(Beginning of TASK DATA)

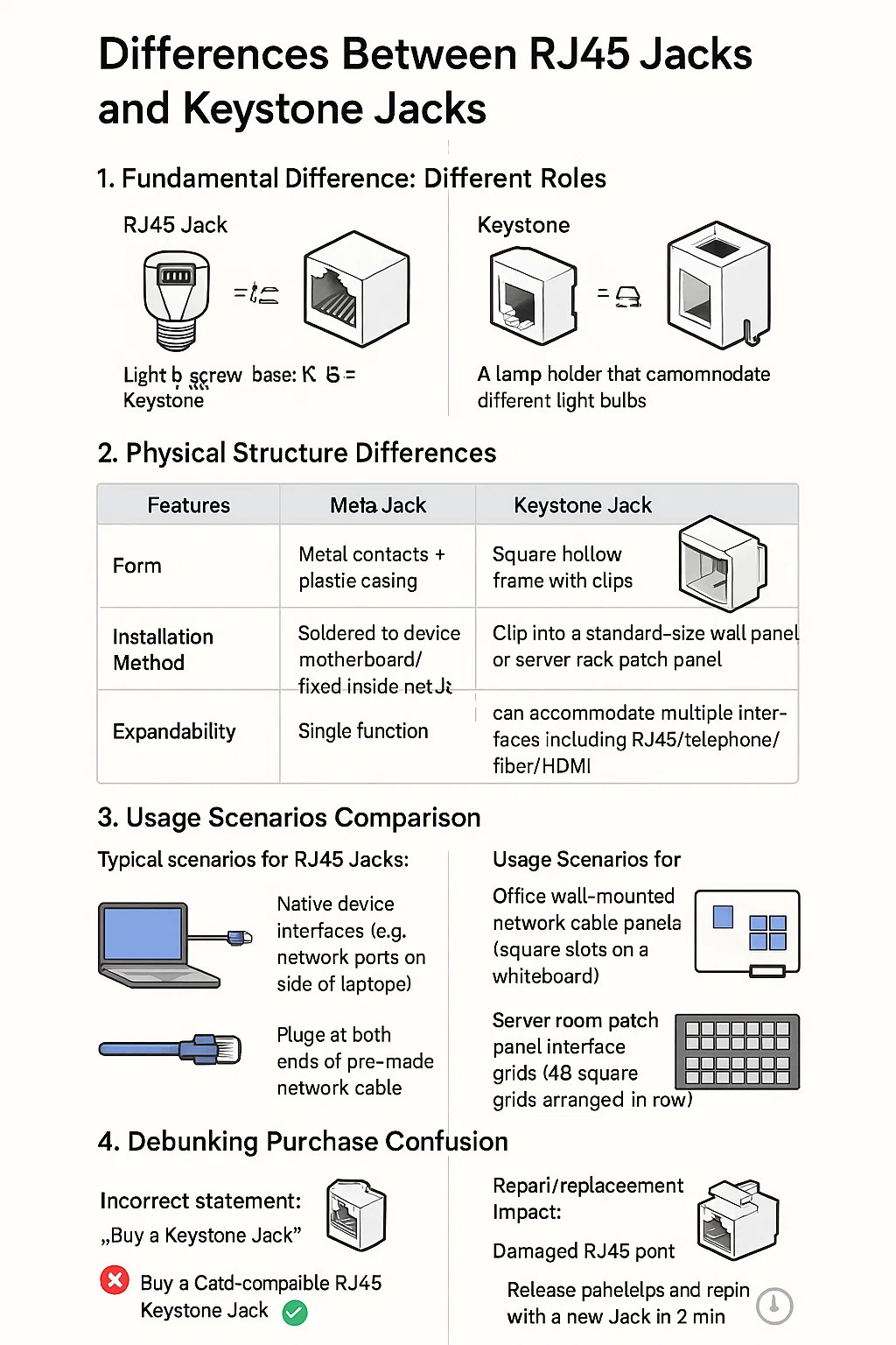 Keystone Jack: Fráma gléasta modúlach. Ní hé an comhéadan féin é, ach bonn plaisteach cearnach a úsáidtear chun RJ45 Jacks (nó comhéadain eile) a dhaingniú. Is féidir é a ghearradh isteach i bpainéil balla nó i bpainéil paiste cosúil le bloic thógála.
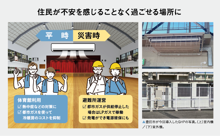 猛暑日の増加などにより、豊田市では小・中学校の体育館に冷暖房設備の設置を検討。防災面も考慮し、市内16校に都市ガスとLPガスの切り替え機能と発電機能を備えたガスヒートポンプエアコン(以下、GHP)を導入した。
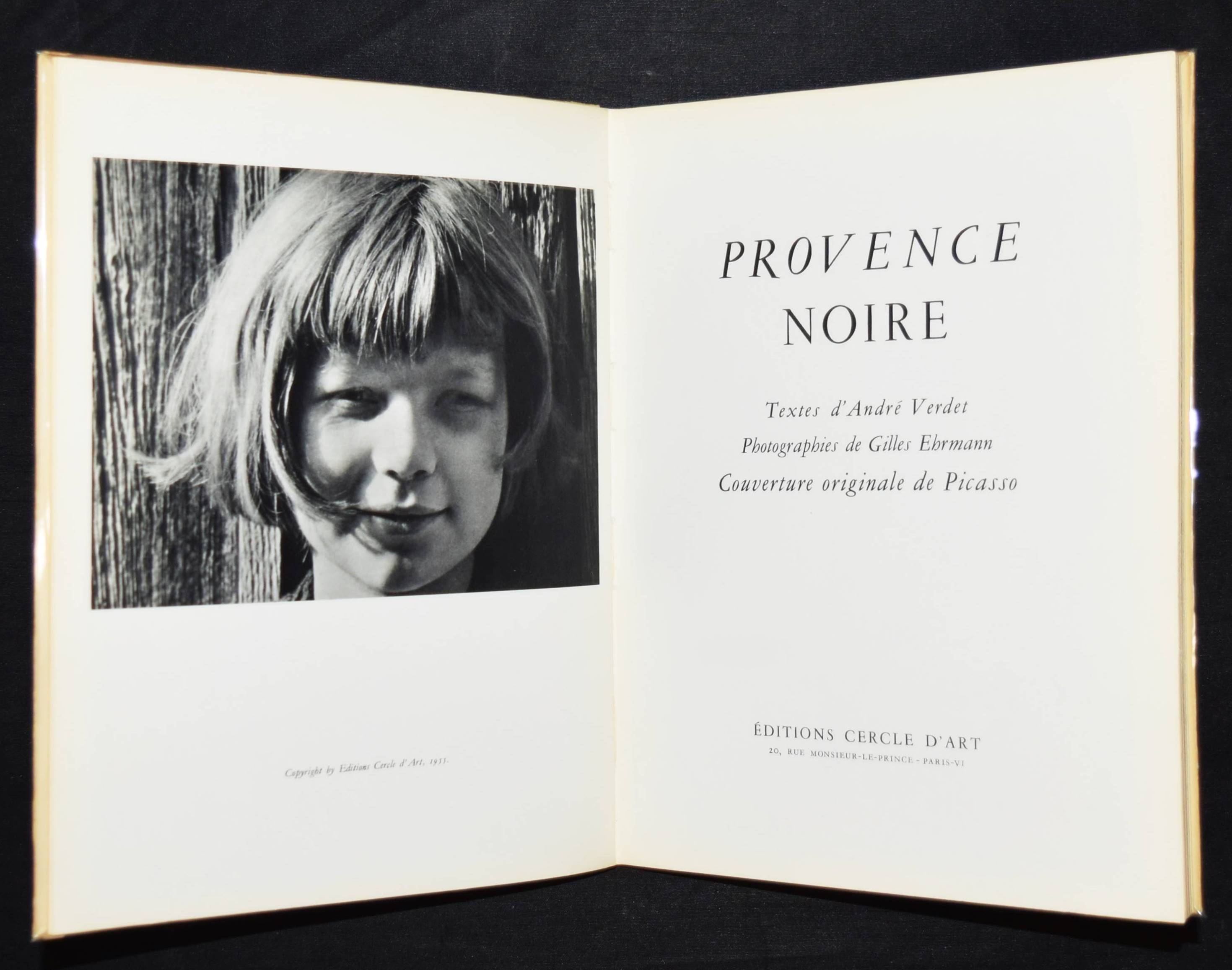 Ehrmann – Verdet, André. Provence noire. Photographies de Gilles Ehrmann. Couverture originale de Picasso. Paris, Éditions Cercle d’Art (1955). 8°. 142 S., [1] Bl. mit meist ganzs. Abb. OKart. mit illustr. OU. Erste Ausgabe. – Der franz. Schauspieler und Fotograf G. Ehrmann (1928-2005) studierte 1946 bis 1949 an der École nationale supérieure des arts décoratifs in Paris und gründete die Avantgarde-Theatergruppe „Ceux-là“. Während dieser Zeit lernte er auch einige Vertreter des Surrealismus kennen. 1950 begann er zu fotografieren. Er porträtierte Chagall, Picasso und andere Künstler und lernte den Schriftsteller, Maler und Bildhauer Anré Verdet (1913-2004) kennen. – A. Verdet war mit vielen bedeutenden Malern (Georges Braque, Marc Chagall, Hans Hartung, Fernand Léger, Henri Matisse und Pablo Picasso) befreundet. 1977 traf er Bill Wyman von den Rolling Stones und Jon Anderson, den Lead-Sänger von Yes. Verdet gründete daraufhin eine eigene Gruppe und nannte sie Bételgeuse. – Schutzumschlag am Rücken etwas gebräunt, Kanten und Gelenke etwas berieben, gutes Exemplar.
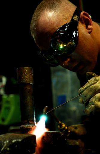 | Keywords: US Navy 060405-N-4133B-126 Hull Maintenance Technician Fireman Jayson Minor assigned aboard the Nimitz-class aircraft carrier USS Ronald Reagan (CVN 76) brazes tubing in the ship^rsquo,s pipe shop.jpg en Persian Gulf April 5 2006 - Hull Maintenance Technician Fireman Jayson Minor assigned aboard the Nimitz-class aircraft carrier USS Ronald Reagan CVN 76 brazes tubing in the ship s pipe shop Reagan and embarked carrier Air Wing One Four CVW-14 are currently deployed as part of a routine rotation of U S maritime forces in support of the global war on terrorism as well as conducting Maritime Security Operations MSO in the region MSO set the conditions for security and stability in the maritime environment as well as complement the counter-terrorism and security efforts of regional nations U S Navy photo by Photographer's Mate Airman Apprentice Benjamin Brossard RELEASED 2006-04-05 060405-N-4133B-126 Navy http //www navy mil/view_image asp id 33371 U S Navy photo by Photographer's Mate Airman Apprentice Benjamin Brossard PD-USGov-Military-Navy Brazing Maintenance on USS Ronald Reagan CVN-76 Hull Maintenance Technician United States Navy |
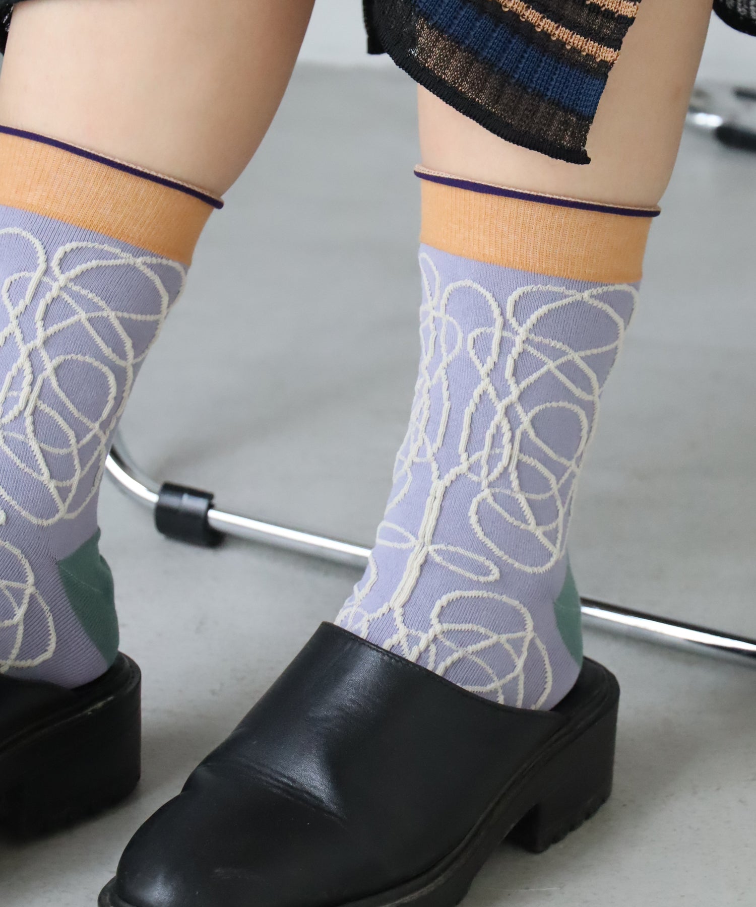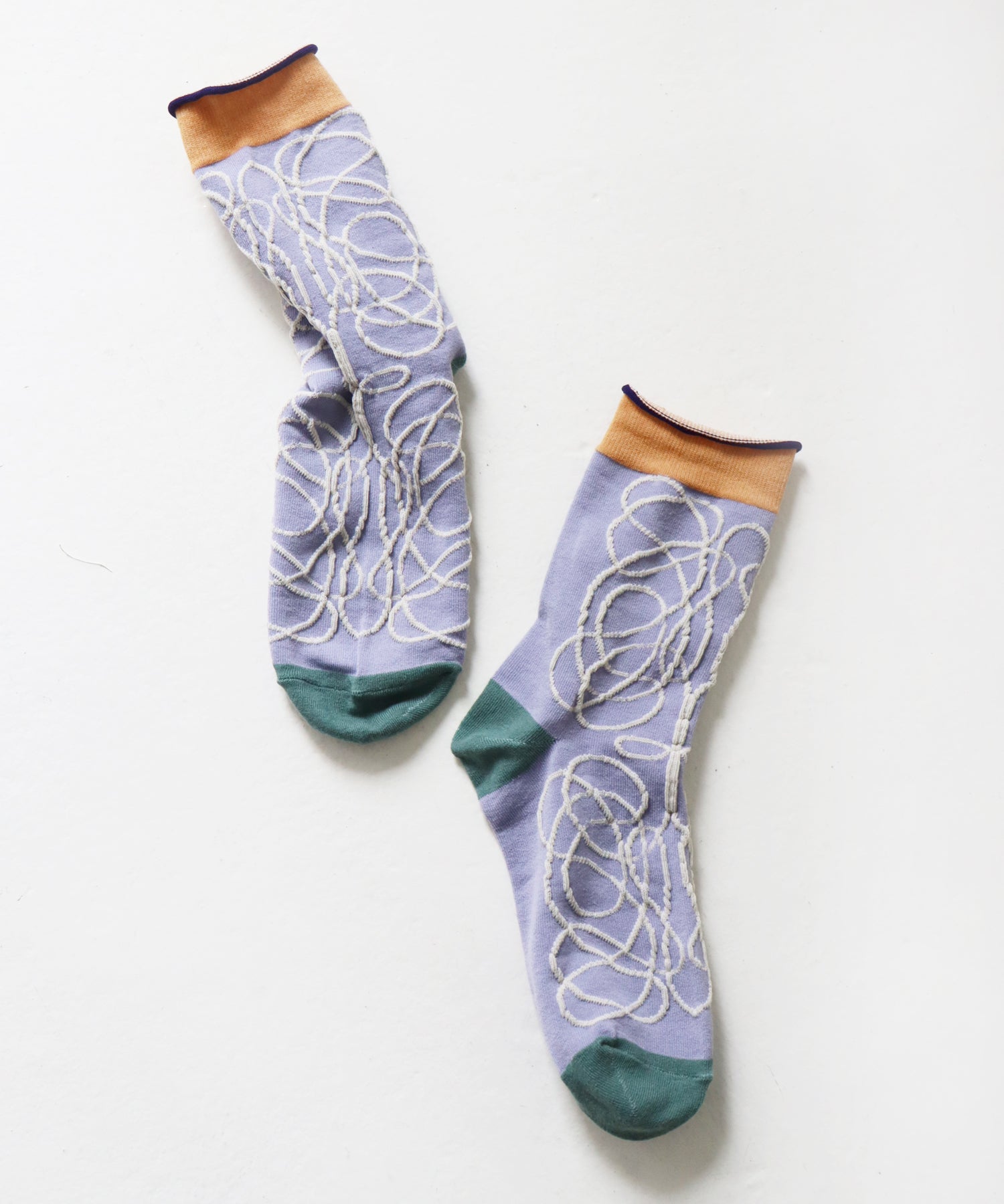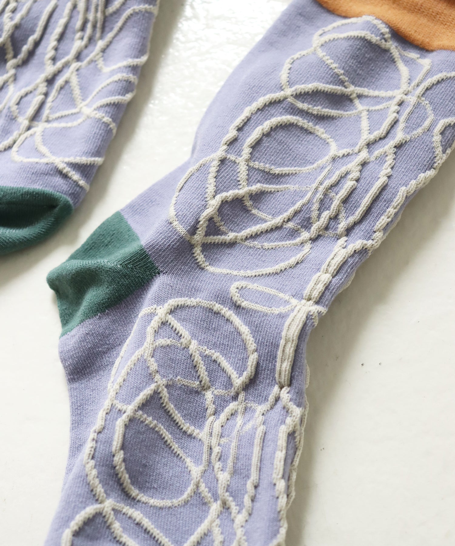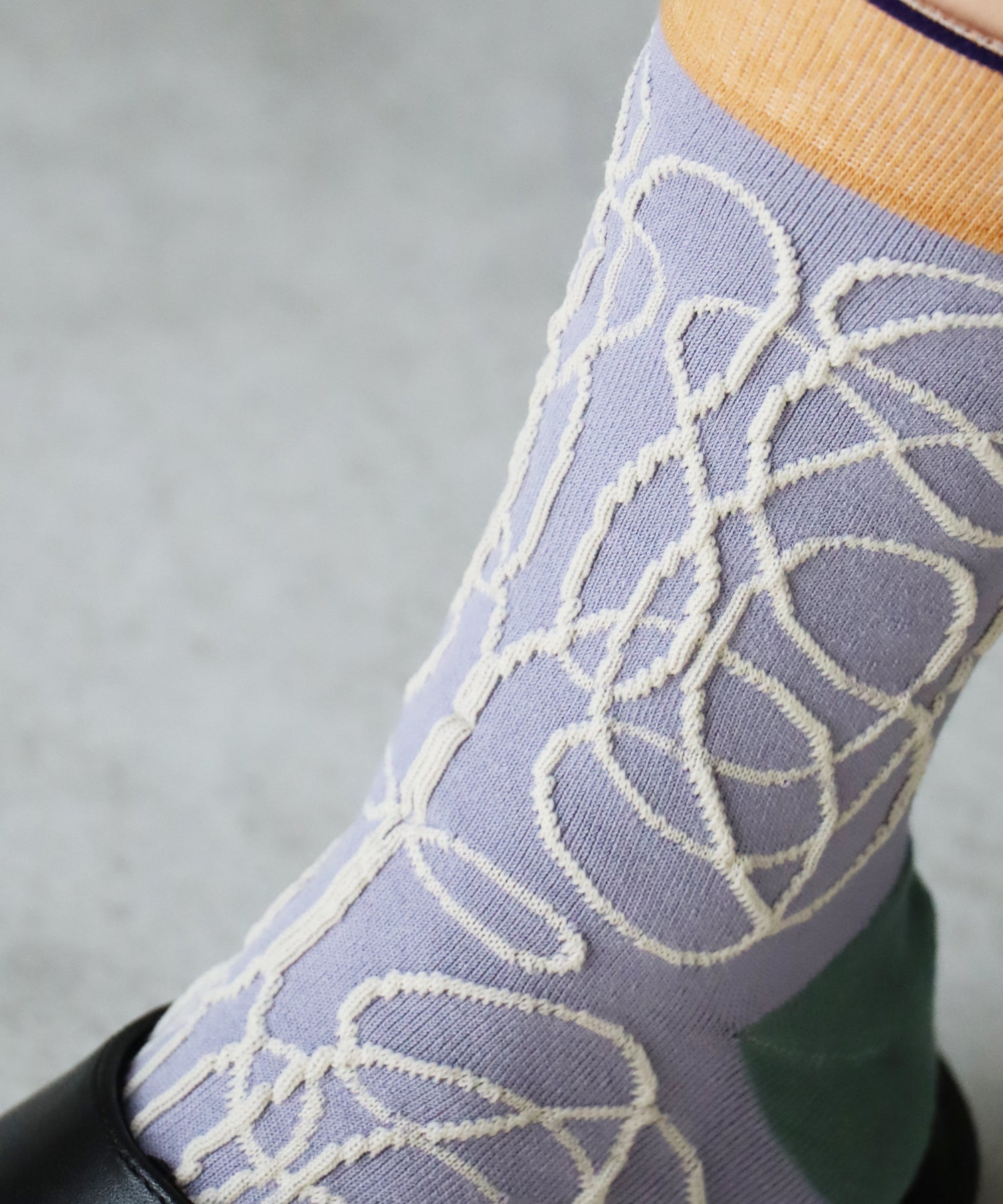 上品で繊細なロープ模様を、フロート編みで立体的に表現したクルーソックスです。

(End of TASK DATA)

WHAT TO PRODUCE =
Exactly reproduce each entry, but drop the pictures.

OUTPUT FOR THIS EXERCISE =
 Keystone Jack: Fráma gléasta modúlach. Ní hé an comhéadan féin é, ach bonn plaisteach cearnach a úsáidtear chun RJ45 Jacks (nó comhéadain eile) a dhaingniú. Is féidir é a ghearradh isteach i bpainéil balla nó i bpainéil paiste cosúil le bloic thógála.
 猛暑日の増加などにより、豊田市では小・中学校の体育館に冷暖房設備の設置を検討。防災面も考慮し、市内16校に都市ガスとLPガスの切り替え機能と発電機能を備えたガスヒートポンプエアコン(以下、GHP)を導入した。
 Ehrmann – Verdet, André. Provence noire. Photographies de Gilles Ehrmann. Couverture originale de Picasso. Paris, Éditions Cercle d’Art (1955). 8°. 142 S., [1] Bl. mit meist ganzs. Abb. OKart. mit illustr. OU. Erste Ausgabe. – Der franz. Schauspieler und Fotograf G. Ehrmann (1928-2005) studierte 1946 bis 1949 an der École nationale supérieure des arts décoratifs in Paris und gründete die Avantgarde-Theatergruppe „Ceux-là“. Während dieser Zeit lernte er auch einige Vertreter des Surrealismus kennen. 1950 begann er zu fotografieren. Er porträtierte Chagall, Picasso und andere Künstler und lernte den Schriftsteller, Maler und Bildhauer Anré Verdet (1913-2004) kennen. – A. Verdet war mit vielen bedeutenden Malern (Georges Braque, Marc Chagall, Hans Hartung, Fernand Léger, Henri Matisse und Pablo Picasso) befreundet. 1977 traf er Bill Wyman von den Rolling Stones und Jon Anderson, den Lead-Sänger von Yes. Verdet gründete daraufhin eine eigene Gruppe und nannte sie Bételgeuse. – Schutzumschlag am Rücken etwas gebräunt, Kanten und Gelenke etwas berieben, gutes Exemplar.
 | Keywords: US Navy 060405-N-4133B-126 Hull Maintenance Technician Fireman Jayson Minor assigned aboard the Nimitz-class aircraft carrier USS Ronald Reagan (CVN 76) brazes tubing in the ship^rsquo,s pipe shop.jpg en Persian Gulf April 5 2006 - Hull Maintenance Technician Fireman Jayson Minor assigned aboard the Nimitz-class aircraft carrier USS Ronald Reagan CVN 76 brazes tubing in the ship s pipe shop Reagan and embarked carrier Air Wing One Four CVW-14 are currently deployed as part of a routine rotation of U S maritime forces in support of the global war on terrorism as well as conducting Maritime Security Operations MSO in the region MSO set the conditions for security and stability in the maritime environment as well as complement the counter-terrorism and security efforts of regional nations U S Navy photo by Photographer's Mate Airman Apprentice Benjamin Brossard RELEASED 2006-04-05 060405-N-4133B-126 Navy http //www navy mil/view_image asp id 33371 U S Navy photo by Photographer's Mate Airman Apprentice Benjamin Brossard PD-USGov-Military-Navy Brazing Maintenance on USS Ronald Reagan CVN-76 Hull Maintenance Technician United States Navy |
 上品で繊細なロープ模様を、フロート編みで立体的に表現したクルーソックスです。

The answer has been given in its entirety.